Exercise instructions:
Look below for the lines from the one with "В кариотипе 45" to the one with "A charming and", and copy exactly those lines, both ends included.

Supplied data:
■ ■ ■
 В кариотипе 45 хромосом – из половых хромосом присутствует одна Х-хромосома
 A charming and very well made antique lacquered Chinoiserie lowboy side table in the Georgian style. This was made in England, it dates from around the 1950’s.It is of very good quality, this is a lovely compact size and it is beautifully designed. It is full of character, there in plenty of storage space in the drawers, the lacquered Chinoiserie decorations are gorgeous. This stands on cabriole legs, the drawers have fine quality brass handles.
■ ■ ■
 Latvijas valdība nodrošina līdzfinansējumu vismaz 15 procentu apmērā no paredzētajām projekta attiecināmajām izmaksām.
■ ■ ■
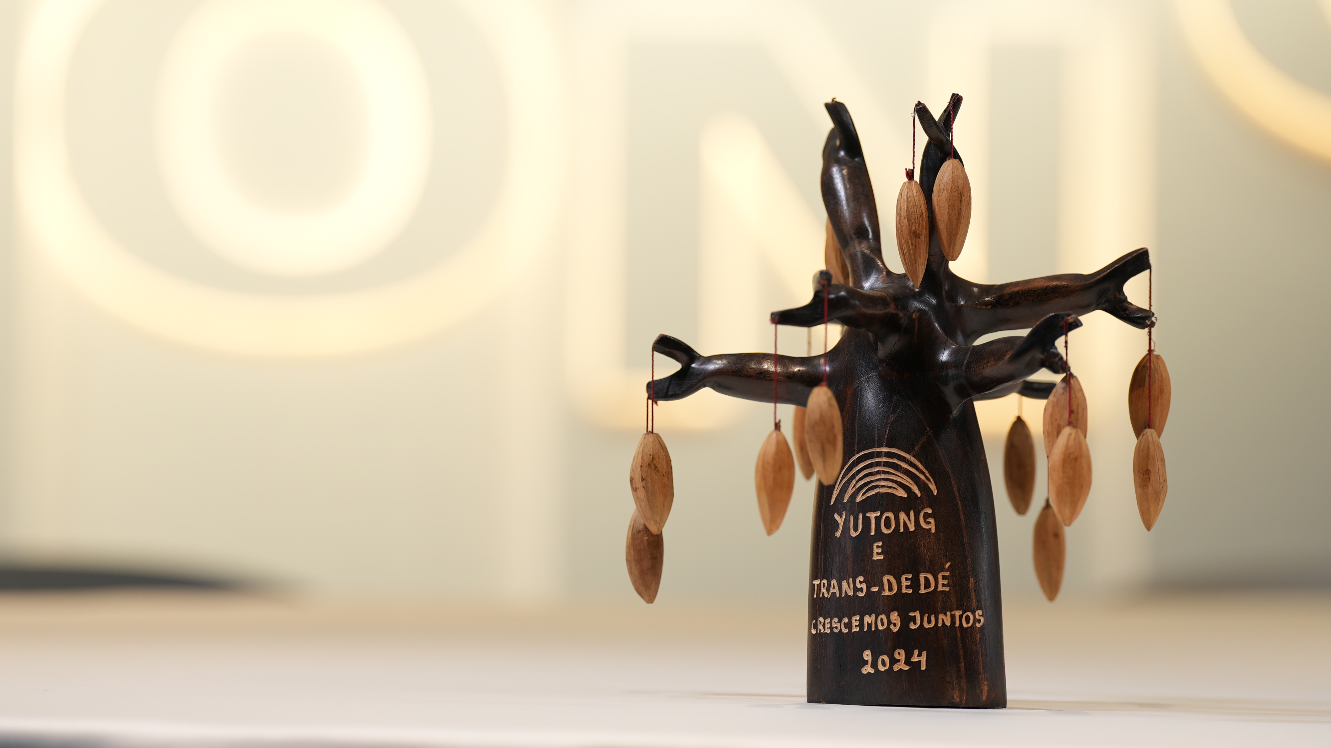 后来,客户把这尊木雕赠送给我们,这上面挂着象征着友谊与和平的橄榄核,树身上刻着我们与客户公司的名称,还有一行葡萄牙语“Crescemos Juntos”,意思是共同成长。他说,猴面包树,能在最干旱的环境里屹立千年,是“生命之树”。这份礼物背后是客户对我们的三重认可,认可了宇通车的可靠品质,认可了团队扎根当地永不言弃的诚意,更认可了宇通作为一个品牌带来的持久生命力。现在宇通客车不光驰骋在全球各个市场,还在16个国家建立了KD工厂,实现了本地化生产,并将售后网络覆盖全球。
■ ■ ■
Written answer:
 В кариотипе 45 хромосом – из половых хромосом присутствует одна Х-хромосома
 A charming and very well made antique lacquered Chinoiserie lowboy side table in the Georgian style. This was made in England, it dates from around the 1950’s.It is of very good quality, this is a lovely compact size and it is beautifully designed. It is full of character, there in plenty of storage space in the drawers, the lacquered Chinoiserie decorations are gorgeous. This stands on cabriole legs, the drawers have fine quality brass handles.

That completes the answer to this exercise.